Jack’s son, Will, had been having trouble at his group home, and so his parents had put him in a psych ward, hoping that a short stay would allow the doctors to adjust his medications and tame his violent acting out. They’d felt pressure, as the parents of people with cognitive disabilities often do, to intervene dramatically, for fear of losing a treasured placement. While Will was in the psych ward, a doctor injected him with a second antipsychotic drug, though Will had already calmed down considerably with the first. In doing so, he brought on what’s called neuroleptic malignant syndrome, killing him. A twenty-six-year old Autist, with a job and friends and passionate interests, surrendered his life to a medical establishment and, I dare say, a culture that doesn’t understand—that doesn’t want to understand—people with autism. Emily was certain that Will’s acting out had been in part a communication problem; something was bothering him, and you needed to find out what it was.
The incident made me think of the awful decisions parents have to make about medicating their children; we live in a positively pill-happy country, embracing a mechanistic view of the brain in which well-being (or its more cynical counterpart, zombied stupor) is only one, two, three, four, five pharmacological interventions away. How to balance respect for scientific advances with a healthy skepticism about this narrow view of human operation, not to mention the economic forces that support it? Emily and I have staked our very lives on a holistic approach, one that honors DJ’s full humanity and, at the same time, addresses the problem of seizures, hemiplegic migraines, and trauma-induced rage attacks.

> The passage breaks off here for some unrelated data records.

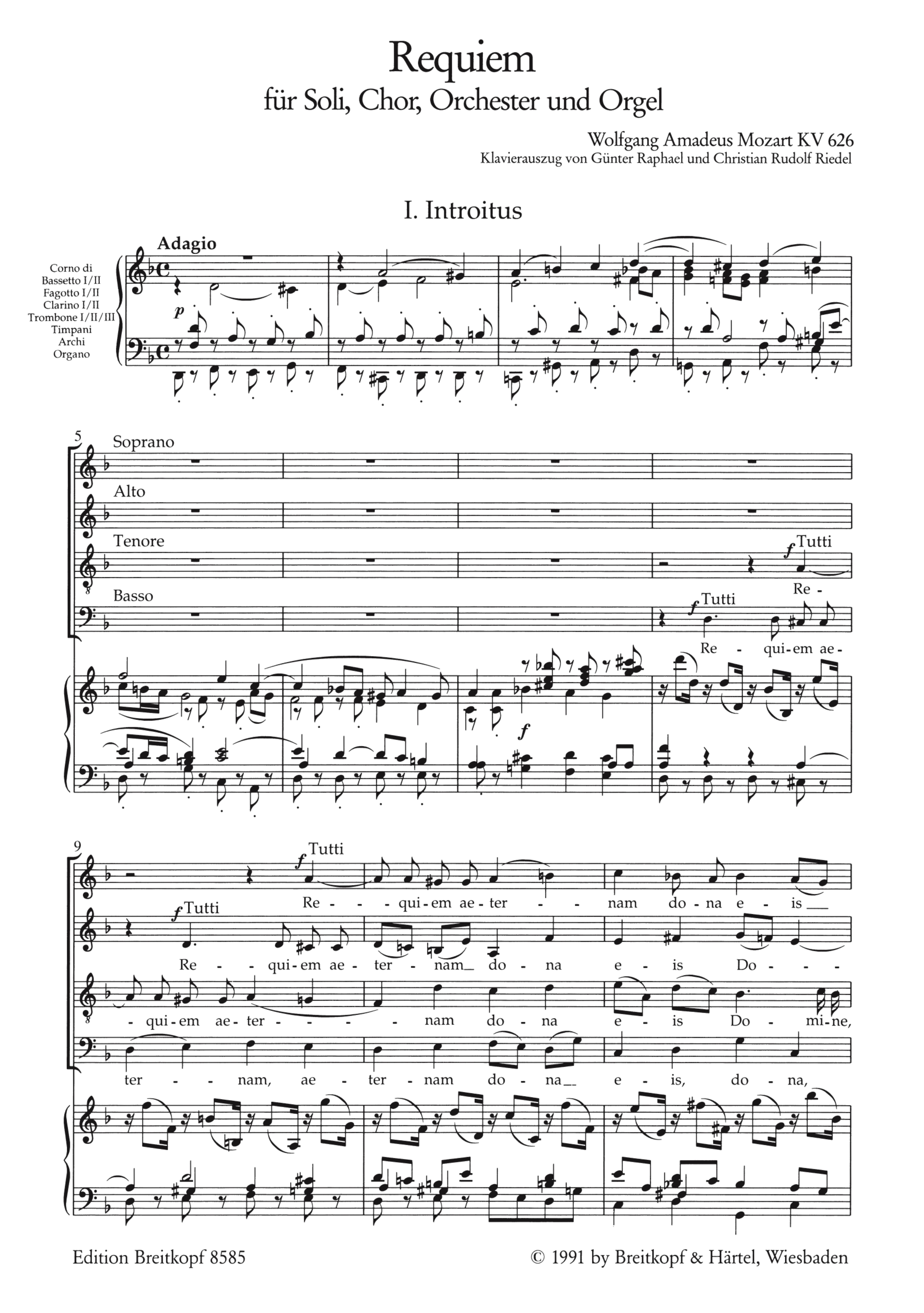 Mozarts Fragment mit den Ergänzungen von Süßmayr, Franz Xaver und Eybler,Joseph vervollständigt von Robbins Landon, H.C. Raphael, Günther, ed Unser Anliegen war es, möglichst wenig in die Rekonstruktion von Freystädtler, Eybler und Süßmayr einzugreifen und Mozarts größtes sakrales Werk so zu präsentieren, wie es von seinen trauernden und hingebungsvollen Schülern (1791-1792) liebevoll 'bearbeitet' wurde. (H. C. Robbins Landon) Die Landon-Fassung des Requiems, erstellt vom Mozart-Experten H. C. Robbins Landon, setzte Maßstäbe. Landon griff bei seiner sorgfältigen und auf dem neuesten Stand der Forschung herausgegebenen Arbeit erstmals auf die Versuche aller drei Mozart-Schüler Franz Xaver Süßmayr, Joseph Eybler und Franz Jakob Freystädtler zurück. Sein Konzept, das unvollendete Meisterwerk so zu präsentieren, dass es ihren Ergänzungen von 1791/92 möglichst nahe kommt, hat sich in der Praxis bewährt. Wer Mozarts Requiem heute in dieser historischen Gestalt aufführen und dabei weder auf die tradierte Süßmayr-Fassung noch auf neue Restaurierungen oder sogar Kompositionsversuche zurückgreifen will, ist mit der Landon-Fassung bestens beraten. Klavierauszug und Chorpartitur sind zu beiden Fassungen verwendbar. Beeindruckend ist das ausführliche Vorwort mit dem Abdruck neuester Erkenntnisse und Hinweisen auf solche Quellen. Die verleiht der Ausgabe eine hohe Aktualität und macht schon allein den Besitz der Partitur wichtig und notwendig! (Musik + Kirche) Allein das zweisprachige Vorwort zur Partitur (deutsch/englisch) ist so lesenswert, dass sich die Anschaffung lohnt! (Konstanze Heinrichs, KiMu im Bistum Limburg)
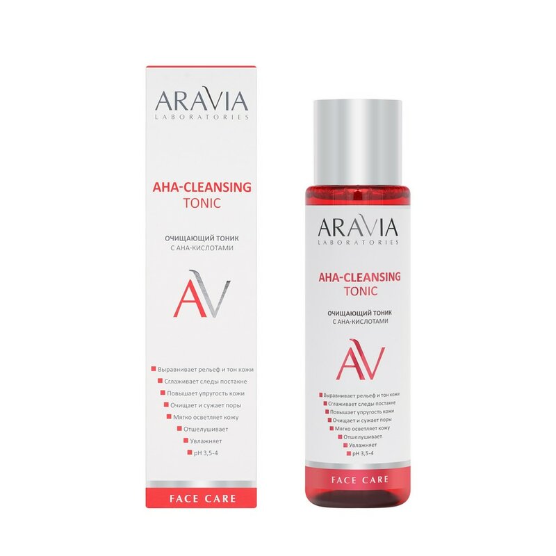Тоник для лица с комплексом AHA кислот мягко отшелушивает и обновляет кожу. При регулярном применении выравнивает рельеф и тон кожи, улучшает цвет лица, устраняет постакне, пигментацию и рубцы, борется с возрастными изменениями, сокращает глубину морщин, повышает упругость и эластичность. Тоник увлажняет и придает коже сияние. Очищает и сужает поры, осветляет черные точки. Ускоряет процессы регенерации и обновления клеток. Обладает противовоспалительным действием.
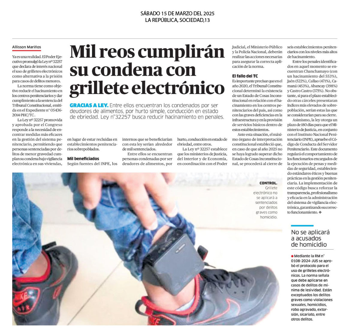 El Congreso de la República formalizó los cambios al Código Penal mediante la publicación de las Leyes 32257 y 32258, destinadas a fortalecer la lucha contra la corrupción y la seguridad ciudadana. En este contexto, el abogado penalista Carlos Caro Coria detalló que la primera norma declara de interés público el uso de grilletes electrónicos para los “delitos menores”. “Se trata de impulsar la despenalización de las cárceles, como una medida para atender, en parte, la sentencia del Tribunal Constitucional que declaró como un ‘estado de cosas inconstitucional’ el ‘permanente y crítico hacinamiento de los establecimientos penitenciarios y las severas deficiencias en su capacidad de albergue, instalaciones sanitarias, servicios de salud, entre otros servicios básicos, a nivel nacional’”.
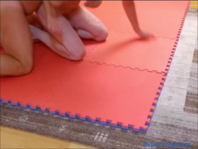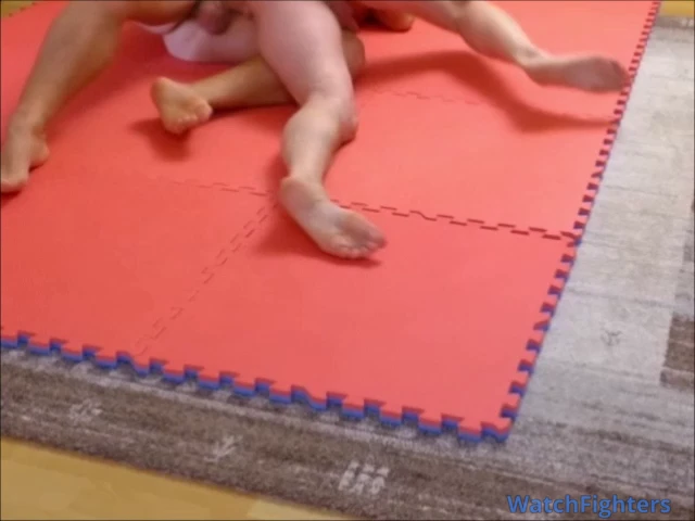 He throws me onto the mat and goes for my penis and testicles. I had to give up, and we start a new round. Again, he pushes me down and lies on top of me. But suddenly, I manage to break free and turn him onto his back. I sit on him, but he shakes me off and grabs me from behind. He wins the point again. Without a break, it continues, with him attacking again. Finally, he sits on me, presses his large testicles against my face, and grabs my penis. I can't break free and have to give up.
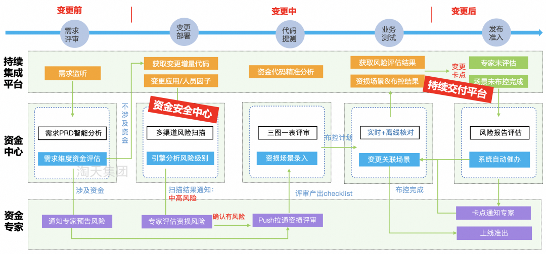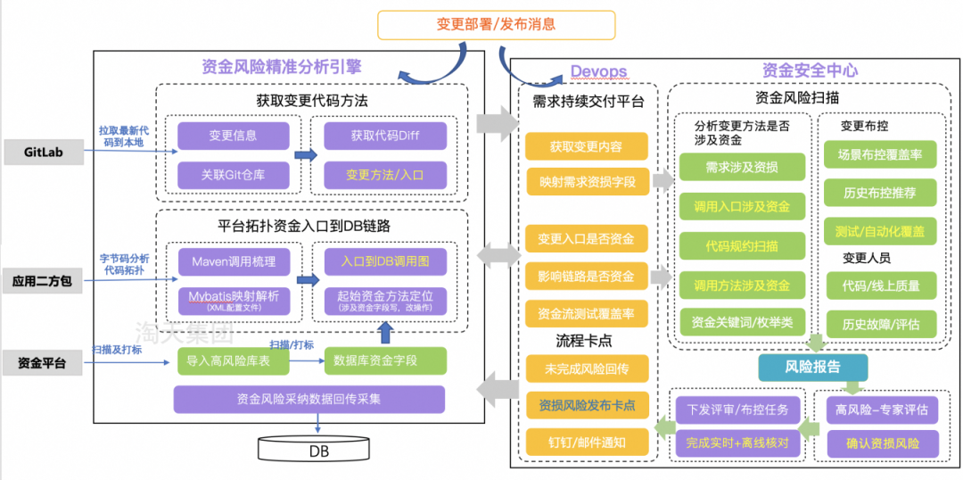 往细剖析了一下,在资金安全引擎中,我们实现了变更代码的资金风险精准分析,并且把风险识别和卡点到了研发流程中,首先利用系统上资金字段的沉淀,通过字节码分析代码拓扑资金入口,到资金方法,再到资金DB字段的链路调用图,来扫描识别变更代码diff中是否改动到该资金链路,然后再把这部分结果数据纳入风险评估引擎,实现变更资金风险的精准识别,一直到现在,这套流程还运行的非常好。

DJ’s still on the Topomax and the Risperdal. Will’s death nearly paralyzed me with stress about the risks of taking these medications. Thank God we had, still have, a terrific psychiatrist, Dr. Babson, who listened to our worries and helped us to craft a strategy for minimizing the risks. As Will’s case demonstrates, not every person with a cognitive disability has such thoughtful, compassionate care, and even with it problems can occur. The latter point aside, what happened to Will too easily resonated with a larger history of neglect, injury, and exclusion. The pending lawsuit may still reveal an ordinary instance of malpractice, but I’d like to know how much less careful doctors are when prescribing drugs to those with cognitive disabilities? At the funeral, Emily noticed many with such disabilities in attendance, people she’d never seen before in the town of Grinnell. To a person, they sobbed throughout the service, especially when the minister played Will’s favorite music.